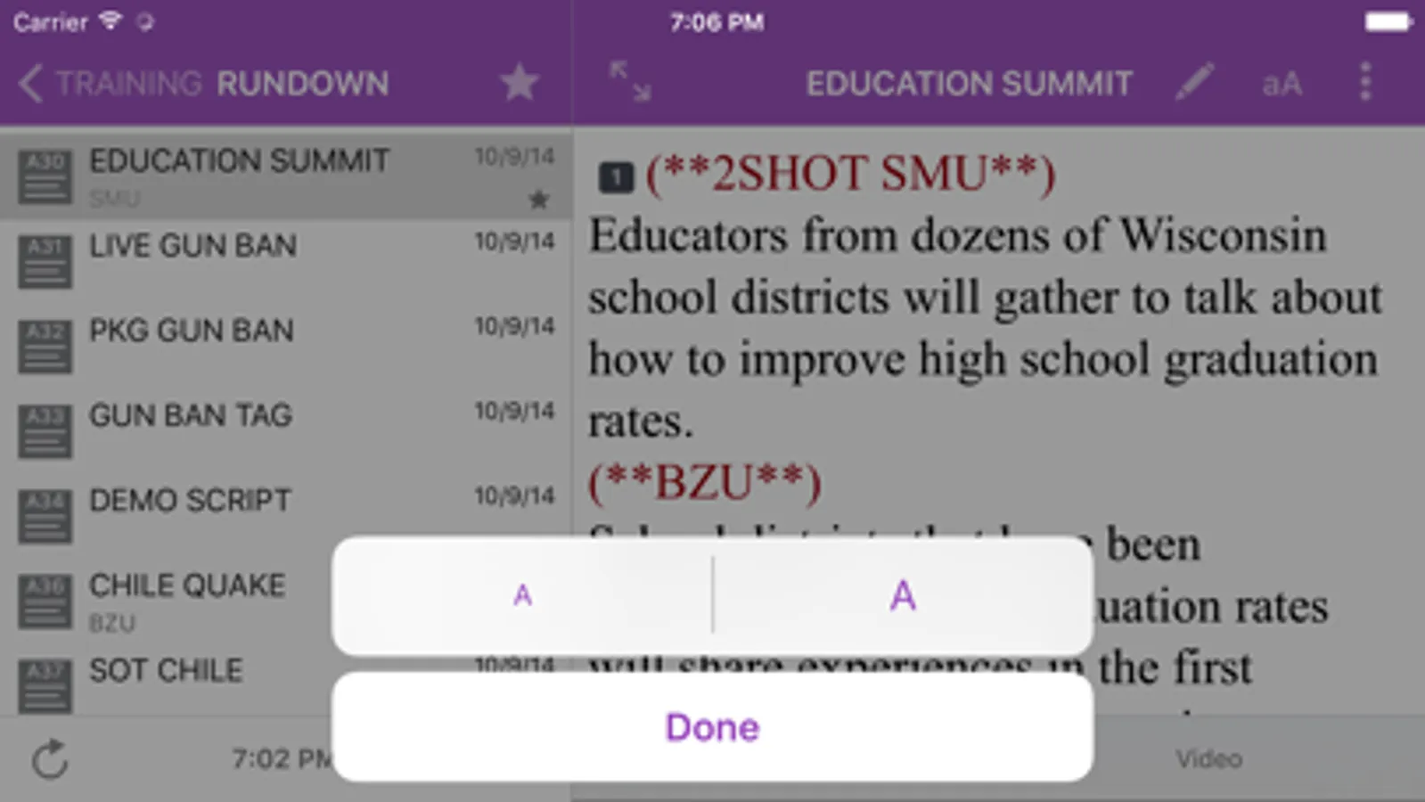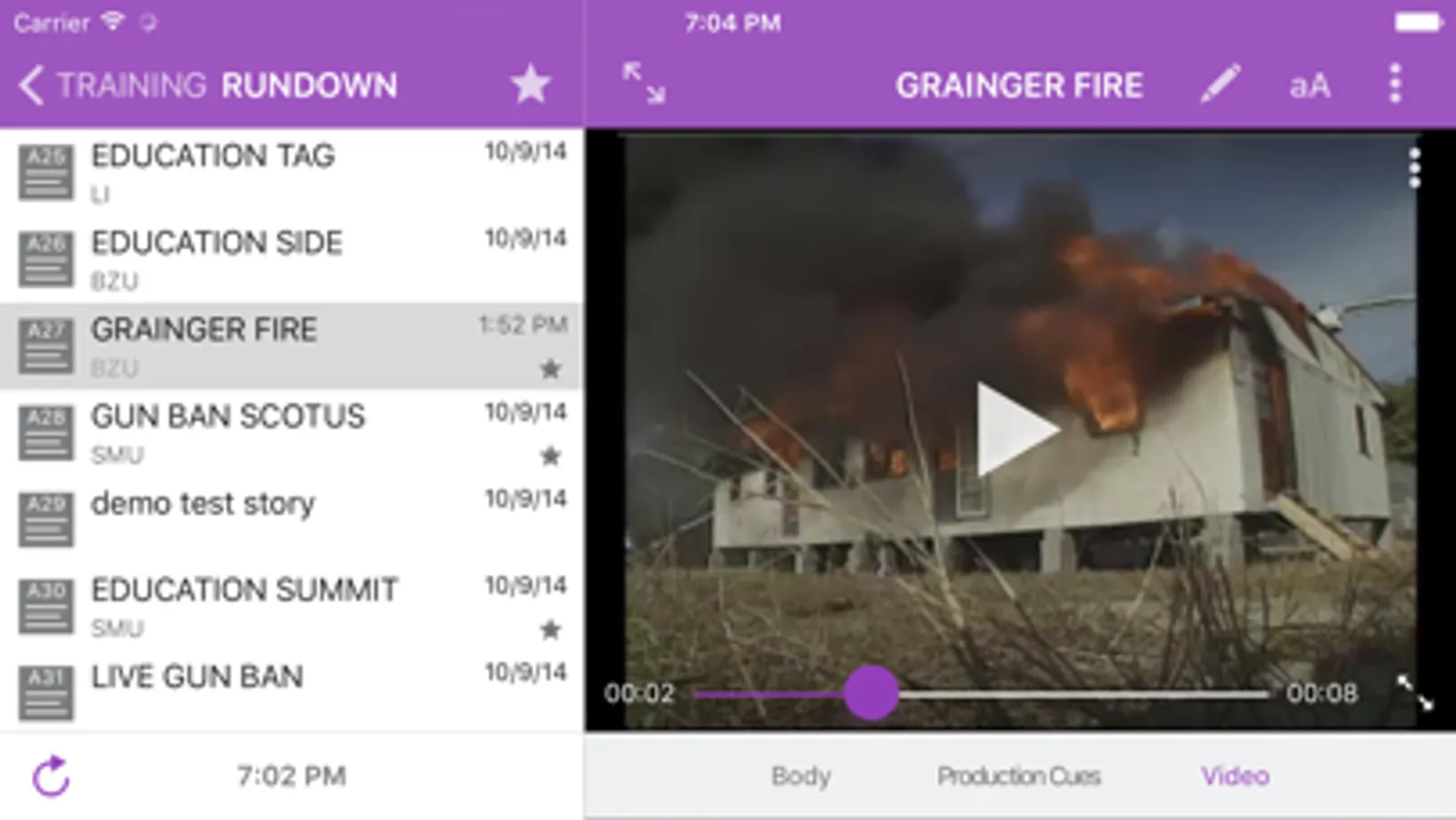 · Move between stories using the Sidebar queue view, or move between stories by tapping items in the rundown queue
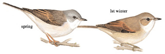 外形特征:灰白喉林莺具有明显的性别差异。雄鸟具有灰色头部和纯白色喉部,全身主色调为棕色,翅膀边缘带有醒目的锈色。雌鸟则整体更显暗淡,头部颜色偏棕色,喉部颜色较雄鸟更为暗淡,缺乏明显的灰色调。幼鸟则呈现较为均匀的浅棕色,喉部为淡白色,下体主要为淡黄色,虹膜呈深灰色橄榄色。成年鸟的虹膜为淡黄色到浅棕色,喙尖和鼻基部分为深灰色,腿部颜色为粉棕色,有时带黄色调。
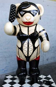 A giant dominatrix teddy bear wearing a leather mask and brandishing
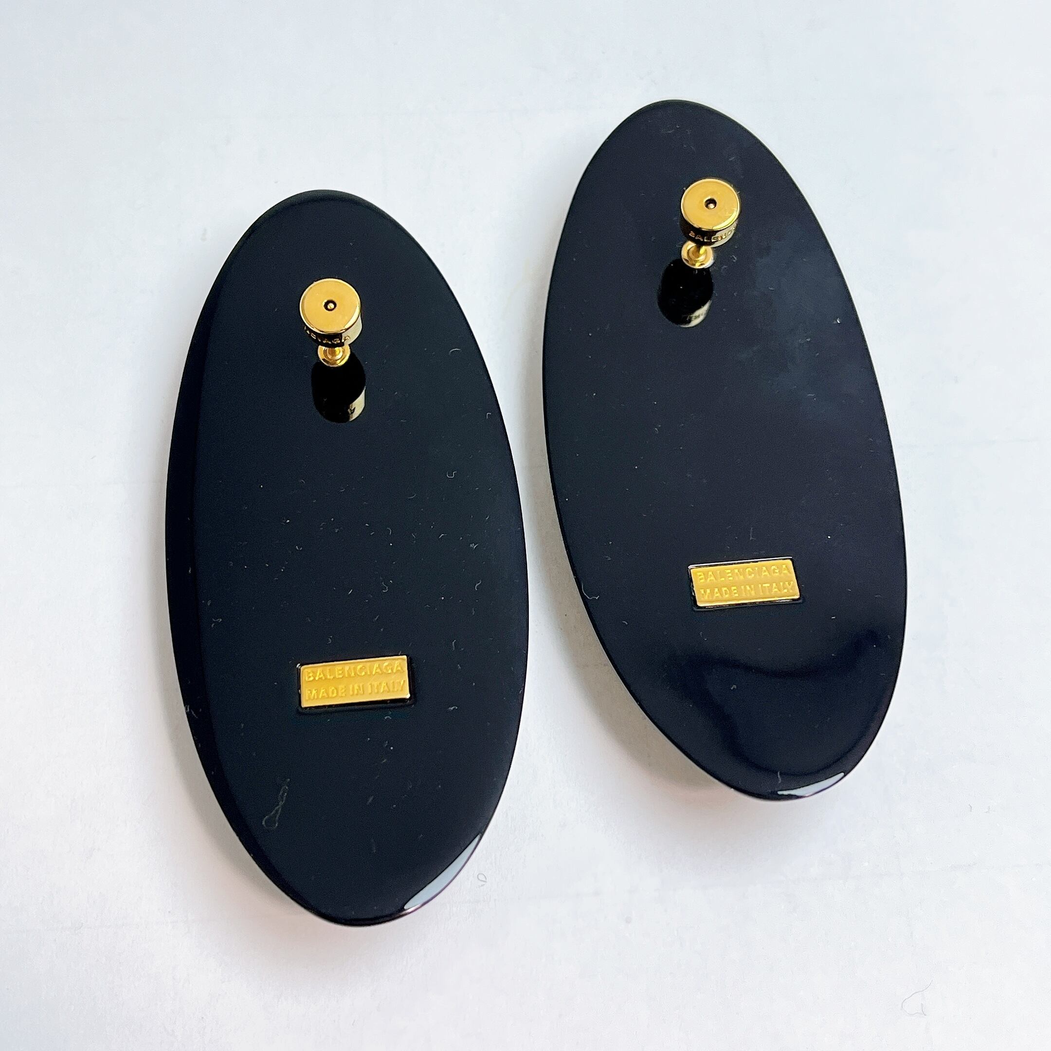 バレンシアガの象徴的なBBロゴが中央に配置され、ブランドのアイコニックなデザインを際立たせています。このロゴは、ピアス全体に存在感を持たせるポイントとなっています。
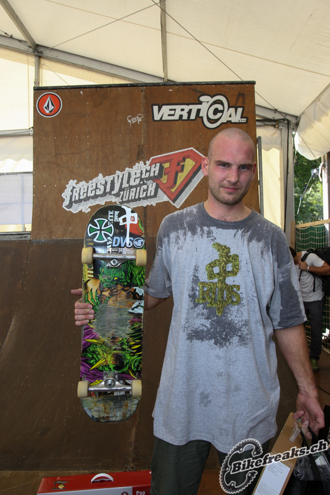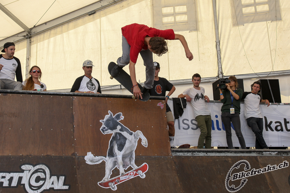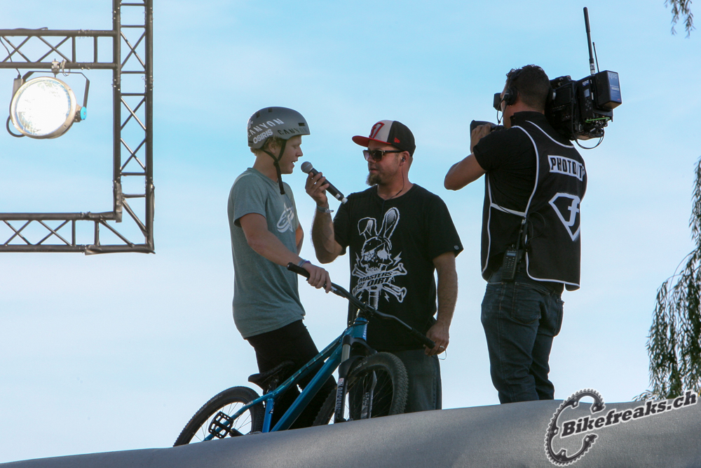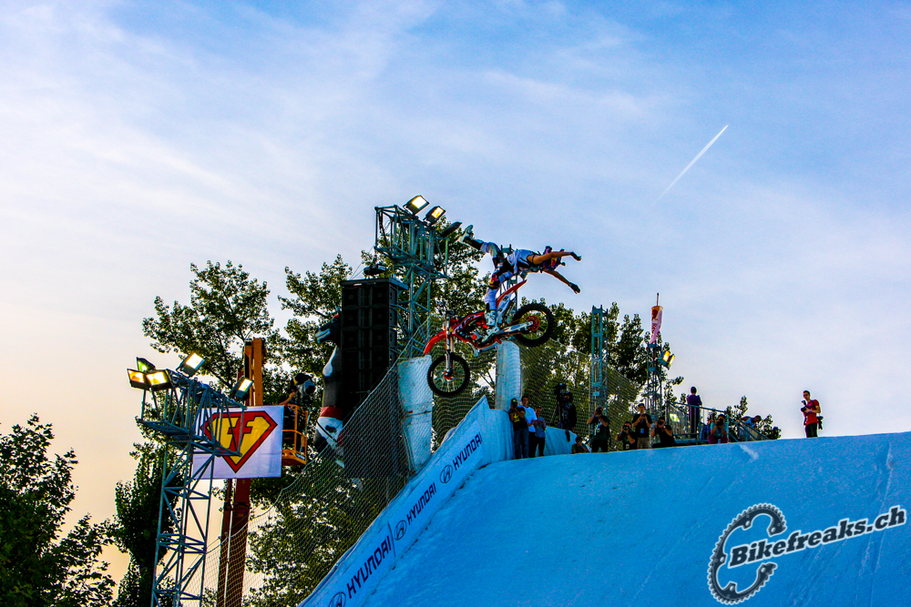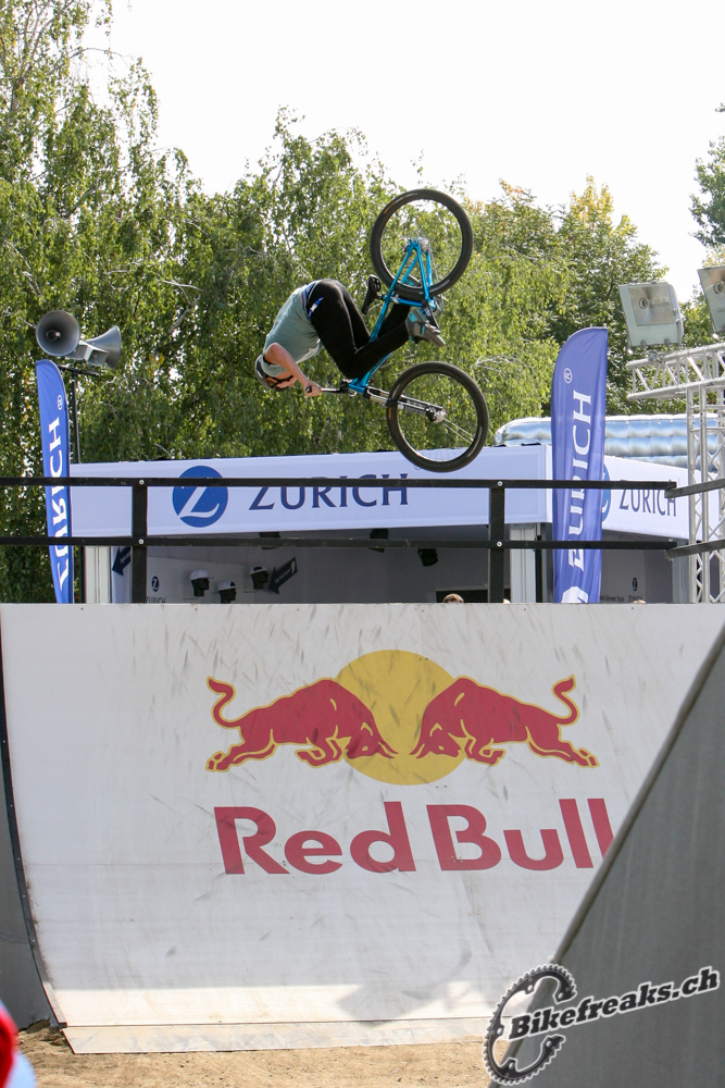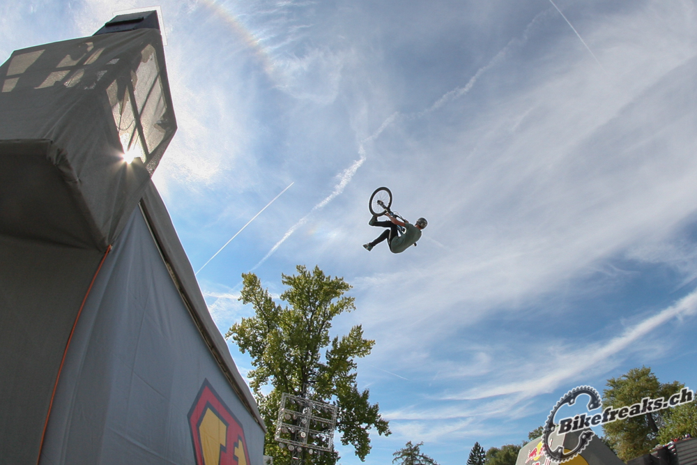 Der 19-jährige Schwedische Bike Star Anton Thelander konnte sich gegen ein Stakes Fahrerfeld durchsetzten. Der Junge zeigte ein geniales Trick-Feuerwerk: Truckdriver, Backflip Tailwhip und Flair! Er war der verdiente Sieger an diesem tag auf der grossen BigAir Bike Rampe!
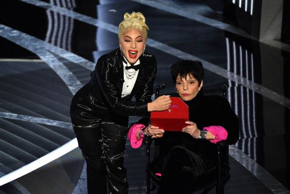 Tokom čitanja nominacija, Lajza je imala kartice sa tekstom, ali je deo najave pratila sa telepromptera. U jednom trenutku, delovalo je da je izgubila nit, nakon čega joj se Gaga obratila rečima koje su mnogi doživeli kao dirljive.
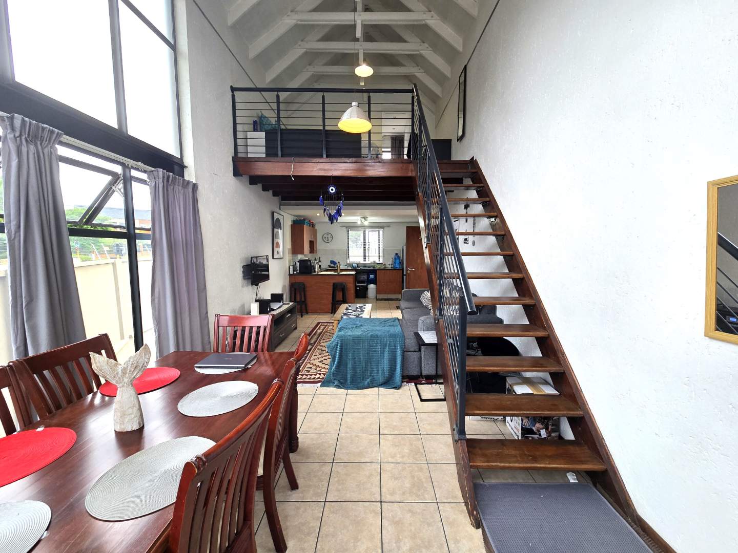 Upstairs is your private retreat with built-in cupboards and a bathroom with a shower. The loft layout enhances the sense of space and separation between living and sleeping areas.
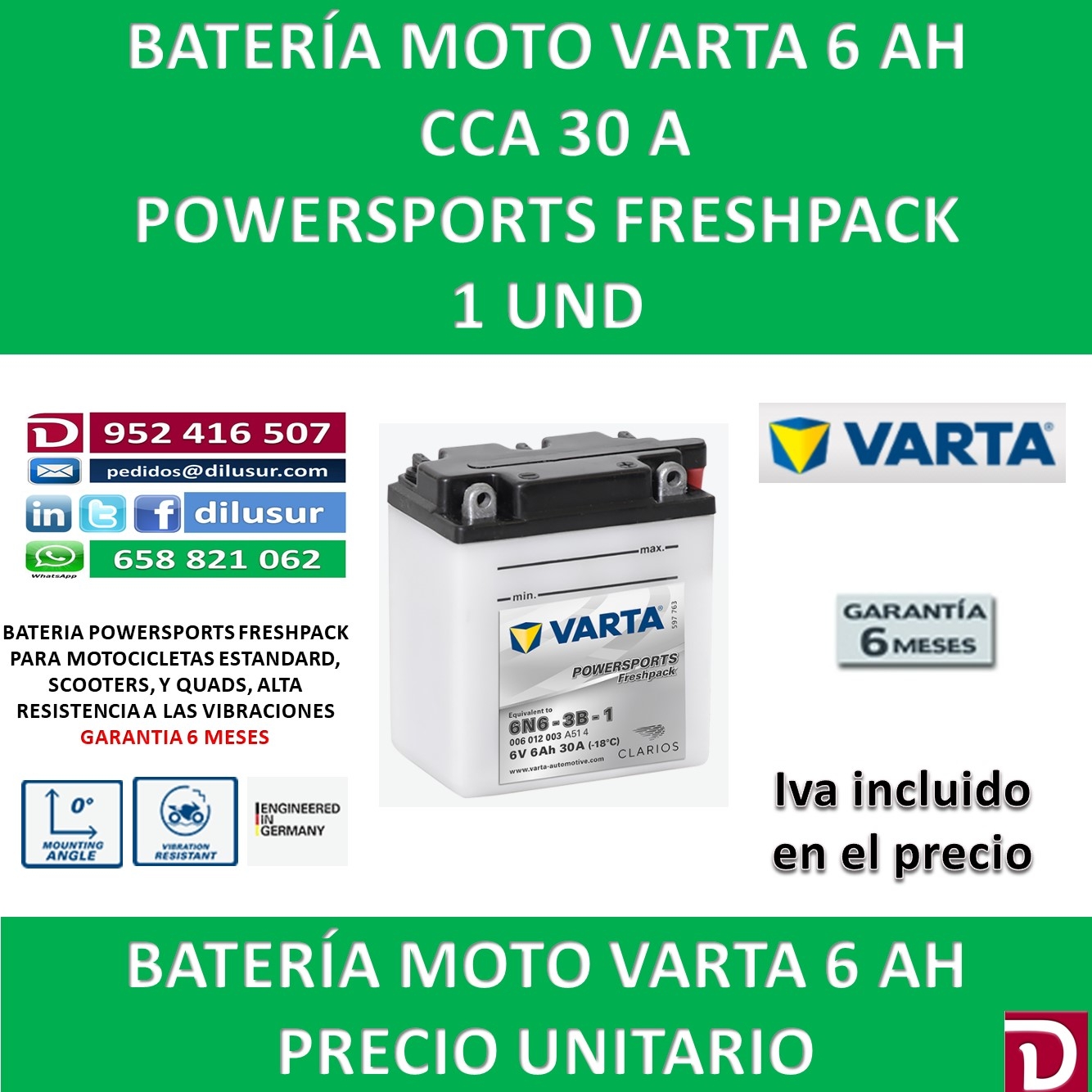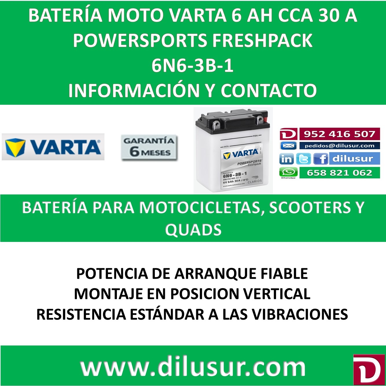 Para mas información sobre la bateria varta 6N6-3B-1 , ver ficha tecnica adjunta
+ + + + +
▸ **What this task involves**:
Only the lines from the line with "バレンシアガの象徴的なBBロ" through the end of the records belong in your copy. Repeat them exactly, without pictures.

▸ **Output of the exercise**:
 バレンシアガの象徴的なBBロゴが中央に配置され、ブランドのアイコニックなデザインを際立たせています。このロゴは、ピアス全体に存在感を持たせるポイントとなっています。
 Der 19-jährige Schwedische Bike Star Anton Thelander konnte sich gegen ein Stakes Fahrerfeld durchsetzten. Der Junge zeigte ein geniales Trick-Feuerwerk: Truckdriver, Backflip Tailwhip und Flair! Er war der verdiente Sieger an diesem tag auf der grossen BigAir Bike Rampe!
 Tokom čitanja nominacija, Lajza je imala kartice sa tekstom, ali je deo najave pratila sa telepromptera. U jednom trenutku, delovalo je da je izgubila nit, nakon čega joj se Gaga obratila rečima koje su mnogi doživeli kao dirljive.
 Upstairs is your private retreat with built-in cupboards and a bathroom with a shower. The loft layout enhances the sense of space and separation between living and sleeping areas.
 Para mas información sobre la bateria varta 6N6-3B-1 , ver ficha tecnica adjunta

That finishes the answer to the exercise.